Aun se respiraba el aire de campo, pies descalzos y camisas cansadas de labrar la tierra. El tiempo no avanzaba tan rápido para conveniencia de la mayoría, y olvido de otros cuantos.

Aspiré profundo y por primera vez en toda mi vida no me sentí tan ajeno a la ciudad. Estaba entre ellos, vivía con ellos. Yo era ellos.

En el inmenso conocimiento de la física -en el que aún queda muchísimo por explorar- se teoriza que todos somos parte de algo. Tal vez seamos lo mismo, pero en diferente sintonía. Y a pesar de estar tan unidos, nos creemos diferentes. Al grado de enorgullecernos por una casa grande, pero con poco calor.

Y ese era yo, en mi ignorancia de las cosas. Lo que yo llamaba "pueblo" tenía su propia sintonía. Bailaba a una canción que yo no sabía reconocer mientras escuchaba como el mundo corría en otro tono para mí, dejándome llevar por la sonata que no todos oyen y ya no por ignorancia, sino por desprecio a lo que consideramos superior y cuando morimos todos quedamos al mismo nivel del suelo.

Muchos olvidarían al pequeño que murió en el parque en cuestión de semanas. Yo buscaría su nombre entre las esquelas dominicales del periódico. Tal vez sería otro desafortunado sin nombre que finalmente pasaría a lo que los más optimistas suelen llamar mejor vida. Miranda lo llamaría angelito. Yo le diría dolor de conciencia.

A pesar de saber que no podría haber hecho nada por él, cargaría con su muerte. Y sé que era lo que Z quería. Culpabilidad en mí. Quería expiar lo que estaba haciendo, cargando sobre mis hombros el peso de la vida de un niño, del que ni siquiera sabía su nombre.

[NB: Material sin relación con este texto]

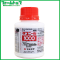 ダコニール1000は、各種作物に登録があり、灰色かび病、黒星病、うどんこ病、褐斑病、べと病、炭疽病、つる枯病、斑点病、すすかび病に登録があります。汎用性が高く、60種類を超える作物に登録がある。 様々な病害に登録があり、基幹防除薬剤として適する。作物の各種病害に適用があるため、効率的な病害防除が可能となる。有効成分が1種類であるため、栽培期間中に使用する成分数を減らすことができる。作物への汚れが少ない。 一般に水和剤は薬液散布後に作物に汚れが残るが、本剤はこの汚れの原因であるクレイ等の鉱物質を含んでいないので、散布後の汚れが少ない。耐性菌の確認事例がない。 有効成分のTPNは、広範囲の作物・病害に使用されているが、耐性菌の出現事例はない。有効成分が微粒子なので優れた効力を発揮する。フロアブル製剤により、有効成分が微粒子になっているため、植物を被覆する面積も大きく、また均一に付着する。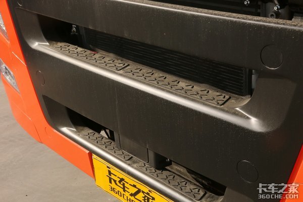 保险杠中间设置了带有防滑纹路处理的两级蹬车梯,方便卡友们在洗车或者检查的时候使用。下方那个矩形小黑块则是组成防碰撞预警系统的毫米波雷达模块。

Las voces de la calle hacían eco en mí. Comencé a maravillarme de la cantidad de personas que me rodeaban sin afán de mirarme. Era invisible entre los colores de la ciudad. Vestidos, telas, especias y miles de olores me rodeaban. Voces coreaban a gritos las ventas del día y alguien a lo lejos anunciaba las noticias del periódico.

El tiempo me había comido sentado en la banca, hasta que descubrí que ya era bastante tarde decidí ir a ver a Miranda. Tal vez habían ido a casa a buscarme.

Me dirigí al hospital cuidando muy bien mis pasos. "Y habrá allí calzada y camino, y será llamado Camino de Santidad"

De alguna forma, sabía a qué se refería. Pero el epitafio de la mañana me había dado una idea demasiado exacta de cómo se jugaban las cartas en ese terreno. Las cosas no se preguntaban. No podía hacerlo, y no estaba en mi derecho. Era algo que acababa de entender.